Juho Kristian Ruohonen
juho@kr|@t|@n@ruohonen @end|ng |rom gm@||@com
Sat Apr 20 09:42:16 CEST 2019
Rolf: Forgive my ignorance, but isn't the relevant log-likelihood here the
log-likelihood of the observed responses in the validation set given the
model-predicted probabilities? I.e. sum(dbinom(VS$y, size = VS$n, prob =
predict(fit, newdata = VS, type = "response"), log = TRUE))? Even this
would be somewhat off because dbinom() isn't aware of the random-effects
integral business. But it looks to me like your current call is calculating
the log-sum of the predicted probabilities of y = 1 in the validation set,
not the loglikelihood of the observed responses in the validation set.
la 20. huhtik. 2019 klo 8.51 Rolf Turner (r.turner using auckland.ac.nz)
> On 20/04/19 12:44 PM, Ben Bolker wrote:
> > This seems wrong.
> Yeah, that figures.
> > The GLMM log-likelihood includes an integral over
> > the distribution of the random effects.
> I was aware of this.
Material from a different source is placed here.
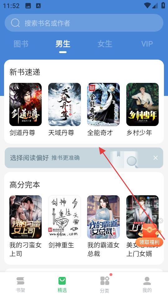 1、進入精選頁面,切換到男生頻道,在新書速遞分區瀏覽劍道丹尊、天域丹尊等書籍封面與標題,挑選感興趣的作品。
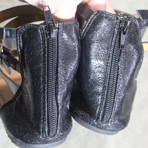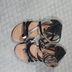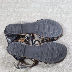Cute black strappy sandals with one silver strap. Zips up the back and wraps around the ankle. Excellent pre-owned condition - no flaws, minimal signs of wear - see soles.

I guess what I was naïvely expecting was that
> predict.merMod() would handle this. I.e. that this predict method
> (with type = "response") would return, for each observed y_i in the
> (new) data set
> Pr(Y = y_i) = \int_0 Pr(Y = y_i | R = r) f(r) dr
> where R is the vector of random effects and f(r) is its probability
> density function (multivariate normal, with mean 0 and some covariance
> matrix, which has been estimated in the fitting process.
> I guess that this is *not* what predict.merMod() returns --- but I don't
> understand why not. It seems to me that this is what it "should" return.
> I'm probably misunderstanding something, possibly simple, possibly subtle.
> Apropos of nothing much, what *does* predict.merMod() return?
> Maybe Pr(Y = y_i | R = 0) ???
> > Here is an **inefficient** method for computing the likelihood
> > coefs <- unlist(getME(fit,c("theta","beta"))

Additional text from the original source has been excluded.